Member of the North Dakota House of Representatives from the 44th district
- In office 1998 - 2016 Serving with Don Clark, Joshua Boschee

Personal details
- Born: May 6, 1964 (age 62) Fargo, North Dakota, U.S.
- Party: North Dakota Republican Party
- Spouse: Jennifer
- Alma mater: North Dakota State University Bachelors-Communications University of Mary Masters-Management
- Profession: Government relations

= Blair Thoreson =

American politician

Blair Thoreson (born May 6, 1964) is an American former politician. He served as a North Dakota Republican Party member of the North Dakota House of Representatives, representing the 44th Legislative District in Fargo from 1998 to 2016.

==Biography==

===Early life and education===
Blair Thoreson was born in Fargo, North Dakota. He received a bachelor's degree in communications from the North Dakota State University and a master's degree in management from the University of Mary.

===Career===
Thoreson spent 14 years employed in the telecommunications sector.

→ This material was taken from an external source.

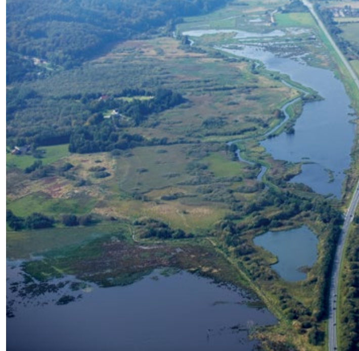
Kongens Kær og Knabberup Sø set fra oven.
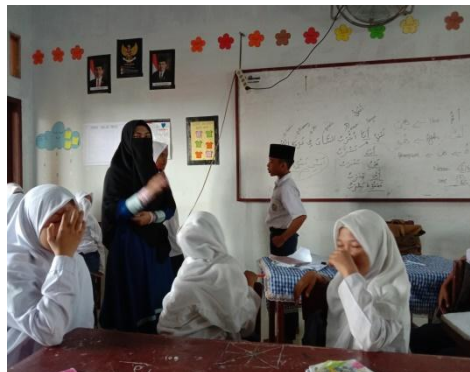
Guru menyampaikan materi dan menjelaskan langkah-langkah pembelajaran permainan tebak kata

From 1998 to 2016 he served as a Republican state representative for North Dakota, representing the 44th Legislative District in Fargo He served as chairman of the House Appropriations - Government Operations committee. Additionally, he served on the Administrative Rules, Budget Section, and Information Technology committees.

Thoreson is employed in government relations and regulatory affairs with Primacy Strategy Group, based in St. Paul, Minnesota with offices in Bismarck, North Dakota and Washington, DC.

===Personal life===
Thoreson is married to Jennifer Thoreson, and they have two children. They reside in Fargo, where they attend the First Lutheran Church.